An embodiment of a fusible disconnect switch device has been disclosed including: a nonconductive switch housing configured to accept an overcurrent protection fuse; a current path defined in the nonconductive switch housing, the current path comprising: a first fuse contact member and a second fuse contact member, the first fuse contact member and the second fuse contact member configured to complete an electrical connection through the overcurrent protection fuse; and a first switch contact connected to the first fuse contact member; a rotary actuator configured to move the first switch contact between an opened position and a closed position to complete or open the current path; and a first magnet and a second magnet disposed about the first switch contact, wherein the first and second magnets establish a first magnetic field therebetween and wherein the first switch contact is in the magnetic field.

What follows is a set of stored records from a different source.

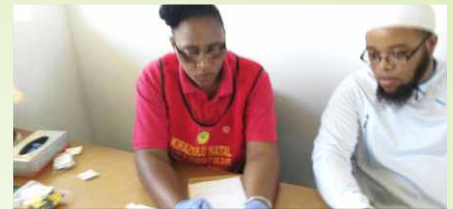
Ulema & scholars were also taken on board to appraise the religious injunctions against adultery and to promote chaste lifestyle.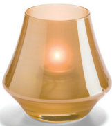
6955SG Satin Gold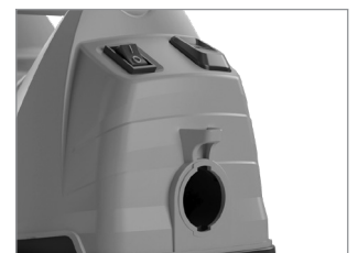
BLOWING FUNCTION (ONLY FOR ISY)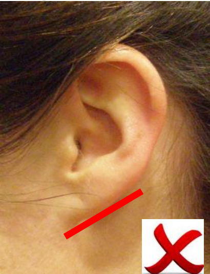
Fig 3 attached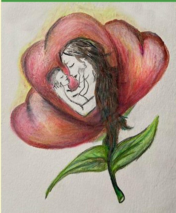
Illustration by Candan Serbest

Optionally, the current path further may include a second switch contact spaced from the first switch contact in the nonconductive switch housing. The first and second switch contacts may be mounted stationary in the nonconductive switch housing. The fusible disconnect switch may further include third and fourth magnets disposed about the second switch contact, wherein the third and fourth magnets establish a second magnetic field therebetween and wherein the second switch contact is in the second magnetic field. The first magnetic field may have a first polarity, and the second magnetic field may have a second polarity opposite to the first polarity. The first and second magnets may be permanent magnets, and more specifically may be rare earth magnets, and even more specifically may be neodymium magnets.


The fusible disconnect switch device may also include a sliding actuator bar, with the first and second movable switch contacts coupled to the sliding actuator bar. The sliding actuator bar may be movable along a first axis. The first magnetic field may be established along a second axis perpendicular to the first axis. The first and second magnet may be disposed on a first side of the sliding actuator bar, and the device may further include third and fourth magnets situated on a second side of the sliding actuator bar.


The overcurrent protection fuse may include a pair of terminal blades insertable into the switch housing along an insertion axis. The first magnetic field may be established along a second axis perpendicular to the insertion axis.


The fusible switch disconnect device may also include a third magnet, the first magnet and the third magnet extending generally coplanar to one another.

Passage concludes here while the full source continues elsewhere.